Ukraine war: Zelensky says railway station strike was war crime by Russia; EU ponders inclusion of Ukraine
- At least 50 people were killed and hundreds wounded as Russian troops reportedly bombed a railway station in the Donetsk region on Friday
- Elsewhere, the EU Commission is currently examining the application of Ukraine’s membership into the bloc

Ukrainian President Volodymyr Zelensky said his country’s security service has intercepted communications of Russian troops that provide evidence of war crimes.
“There are soldiers talking with their parents about what they stole and who they abducted. There are recordings of prisoners of war who admitted killing people,” Zelenskyy said in an excerpt of an interview with CBS’ “60 Minutes” that aired on Friday.
“There are pilots in prison who had maps with civilian targets to bomb. There are also investigations being conducted based on the remains of the dead,” he said in a translation provided by CBS.
Zelenskyy said “everyone who made a decision, who issued an order, who fulfilled an order” is guilty of a war crime.
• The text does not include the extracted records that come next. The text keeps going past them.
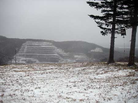 引き返し時を逸してしまったが、道路が下りに入ると予想通り雪はほとんどなかった。
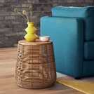 Bring a natural touch to your living area with the Hazel natural rattan side table. Handwoven in India, this side table is full of visual interest thanks to its striking mix of materials and textures. With a real rattan base and oak veneer top, Hazel will soon become the talking point of your home. Perfect for placing in a living room or conservatory, theres plenty of space for a table lamp and cups of tea, but remember to place down coasters to protect the surface from excess heat and scratches.
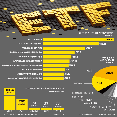 최근에는 미국 기술주, 방위산업, 인공지능(AI), 인도시장, 심지어 팰런티어 같은 개별 종목 중심 테마형 ETF까지 다양하게 출시되고 있다.
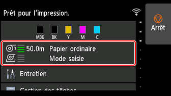 Sélectionnez la zone d'affichage des paramètres du papier sur l'écran Accueil.
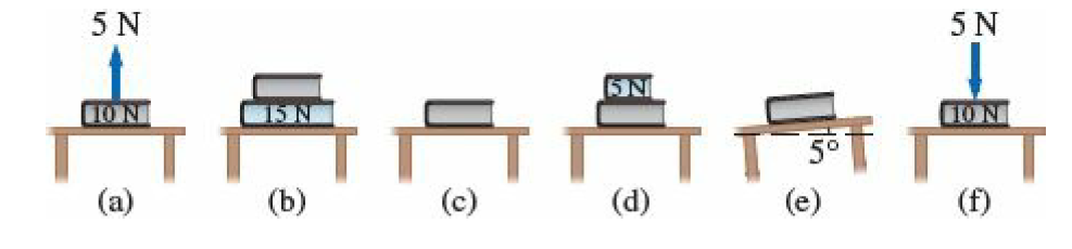 A book that weighs 10 N is at rest in six different situations. Blue arrows indicate forces exerted on the book by an object that is not shown. Rank the situations according to the magnitude of the normal force on the 10 N book due to the table, from smallest to greatest. Explain your reasoning.

Asked whether he held Russian President Vladimir Putin responsible, he said: “I do believe that he’s one of them.”
The Ukrainian President also denounced the missile strike on an eastern railway station as another Russian war crime and said Ukraine expects a tough global response.
“Like the massacres in Bucha, like many other Russian war crimes, the missile attack on Kramatorsk should be one of the charges at the tribunal that must be held,” he said during his nightly video address to the nation Friday.

The president told Ukrainians that great efforts would be taken “to establish every minute of who did what,” so that those behind the attack would be held responsible.